Easter Monday we will be "On the Road Again" with Willie Nelson playing on the CD as we pull out of town.   We are leaving in the morning as soon as I clean out the fridge and we take out our personal grooming things to the RV that is parked outside.  I am getting excited about it.  Tomorrow night I hope to be poking sticks in a fire.  It is a soothing thing to do.  I really am a campfire girl and even love the smoke that follows me around the circle.

We had a wonderful Easter Day.  It was uplifting to have forsythia and lilies again on the altar, after the 40 days of Lent where only greenery is used.  

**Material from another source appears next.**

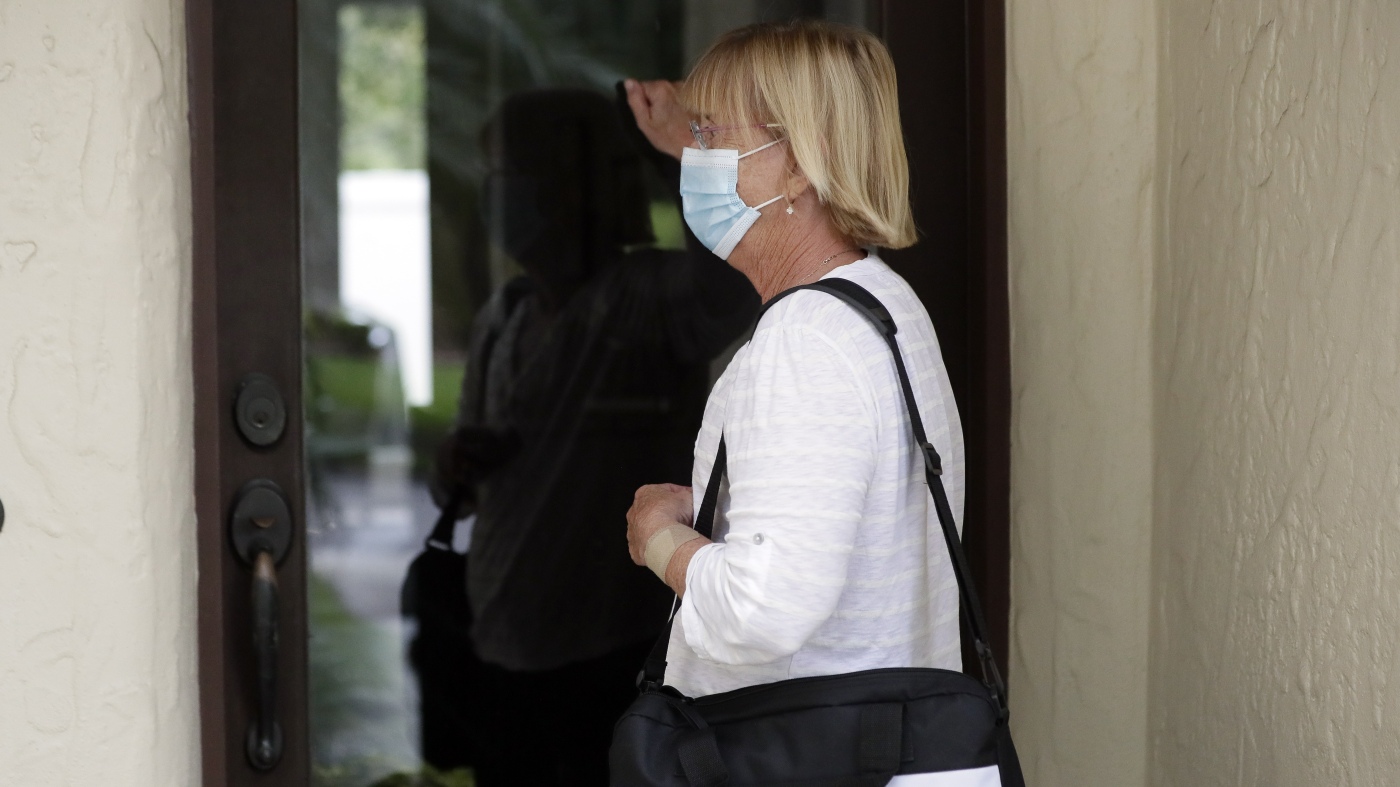 A census office worker strikes the door of a house in Winter Park, Florida, 2020.

The church was full and we had our precious Father Dan to lead us through the service.  (He only comes to our village a few times a month for Sunday services, so the lay people handle it all the other weeks).  He has 4 parishes he works in and is in charge of Ministry Development, which means he helps train and encourage lay people to do priestly chores.  He plays guitar and taught us lovely Mozambique and South American chants.  The children were given rhythm instruments to keep the beat for us.  Children love to get in on the ACTIONS.  

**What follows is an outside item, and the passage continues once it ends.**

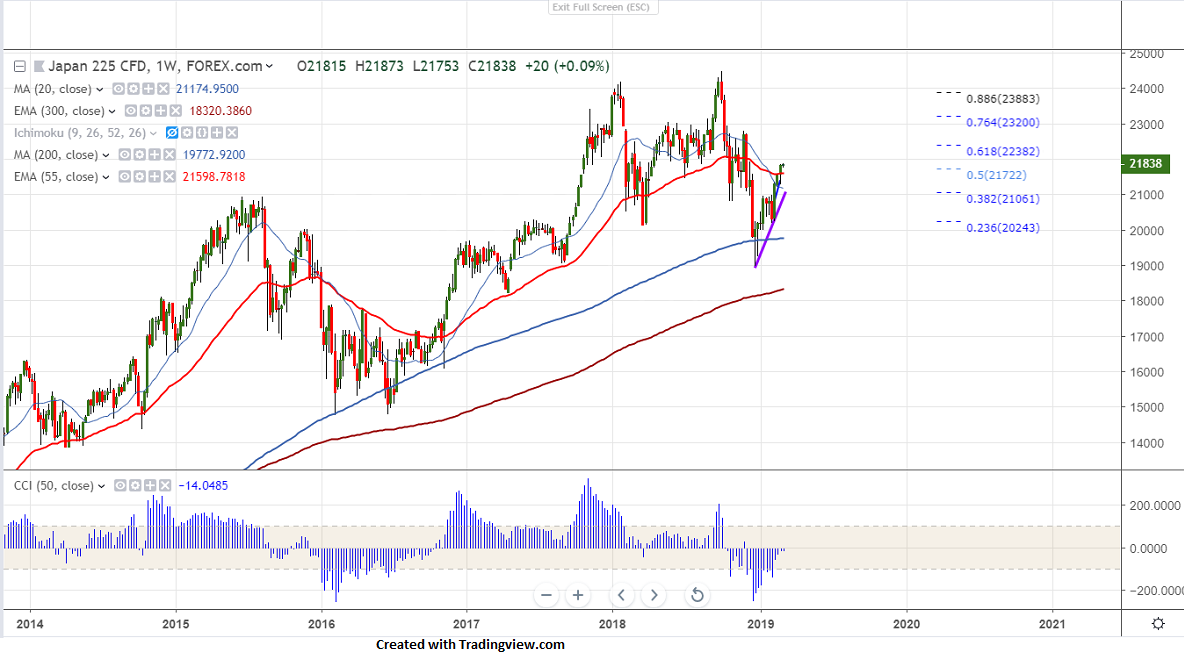 Asian markets are trading higher especially China’s Shanghai jumped more than 2.5% on US-China trade deal hopes and MSCI announced to quadruple weighting of China mainland shares.Nikkei is trading higher for 4th consecutive week and jumped more than 8.5% from low of 20228.US market has closed slightly higher with Dow Jones at 26026 (0.43% higher) and S&P500 2803 (0.69% higher). USDJPY has recovered sharply and has jumped more than 170 pips in previous week.It hits high of 112.07 and is currently trading around 111.96.

My friend and former student, Melissa came to pick me up this morning for the walk to church.  She is a social person.  She is a twin, but she alone got all the physical problems and a floating brain growth that is causing her more tremors and instability as she ages.  She is 17 now.  She loves the people at church as they talk kindly to her and treat her as an adult.  She is 17 but looks so tiny next to Father Dan and our door greeter, Ken.  Father Dan's 
homily gave me a whole new slant on the tomb story and on what was going on during the meetings Jesus had later with followers.  I have some deep thinking to do out at the ranch.  But without the distractions of phones and internet I may be able to catch up on my contemplations, reading and books of cross-word puzzles too.  Melissa went up to the rail for a blessing and Dan knelt right down beside her.  After his few sentences with his hand on her head she said (she has a loud voice)   "I feel better already."  So there we were at the communion rail, all smiling and trying not to laugh out loud.  Somehow it was delightful and appropriate on a Hallelujah day.  Then when I got back into my pew she leaned over and said, "You know, Dan is really good at doing blessings."  That made me laugh and cry with delight.  What did she think he had been trained to do at theology school?  She probably doesn't know how much training they have to have.  But he really is good at connecting with children considering he only has two teenage daughters.

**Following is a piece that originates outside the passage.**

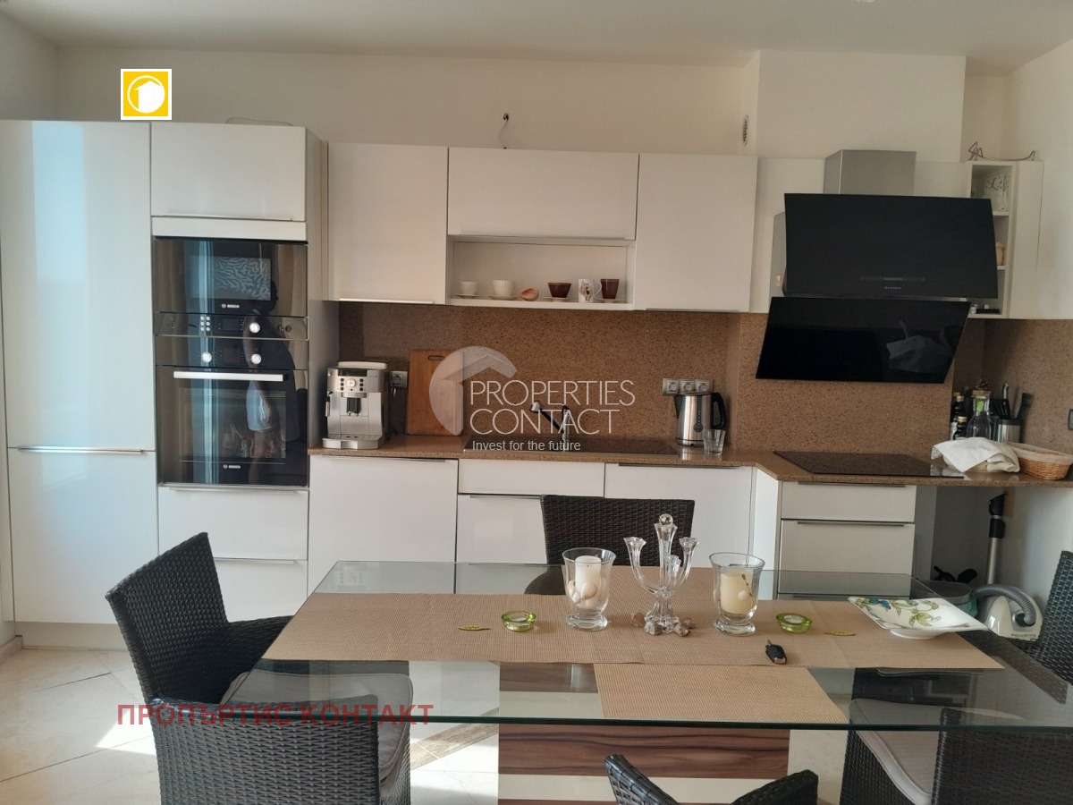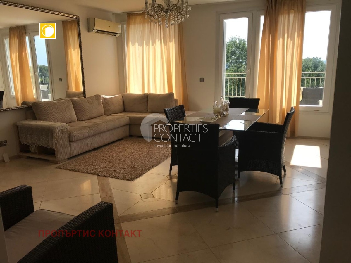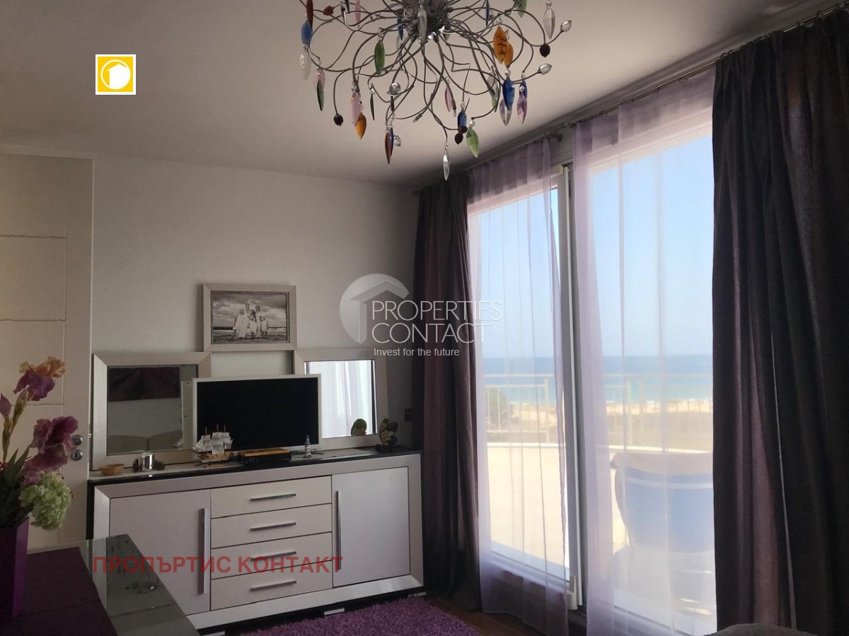 Продаваме луксозен апартамент с панорамна гледка море на първя линия Южен плаж - Приморско, непосредствено до обширната пясъчна ивина на Южния плаж - Приморско. Имотът е с площ по документи 115 кв.м., чиста площ 93 кв.м., разпределени по следния начин: обширно входно антре, кухня с трапезария, две спални, две бани и голяма тераса с прекрасна морска панорама. Помещенията са просторни и светли. Жилището се предлага се луксозно и елегантно обзаведено и оборудвано. Сградата, в която е разположен апартамента е жилищна, разположена на първа линия море и единствено улицата я отделя от прекрасната пясъчна ивица и дюните на плаж ММЦ. Общите части са луксозно изпълнени - облицовани с гранит и парапети от ковано желязо, асансьорът работи целогодишно, а почистването, поддръжката, ремонтите и озеленяването се поддържат от етажна собственост, за което се заплаща такса в размер на около 2000 лв. годишно. Дворът е облагороден и озеленен, има басейн, детска площадка, паркоместа за собствениците вътре в дворното пространство.

Below is one of my Crone friends who rides around town in the better weather on her special bicycle.  She brought me a crochet hook I had dropped on the floor at her house when we had our Friday Crones gathering for yakking, wine and appies.  She has one leg that doesn't work well due to polio, and another that was damaged by an exploding glass bottle.  She is a lovely, cheerful soul especially considering her trials.  We are all so happy to be getting out our clam-digger pants and sandals these days


Good bye and I will write notes in Open Office and then send a long catch-up blog when I get access again to civilization.  On the road again....in spring when the flowers are blooming even in the mountains.  Our road will be gravel not bluebells or daffodils or tulips but lovely too.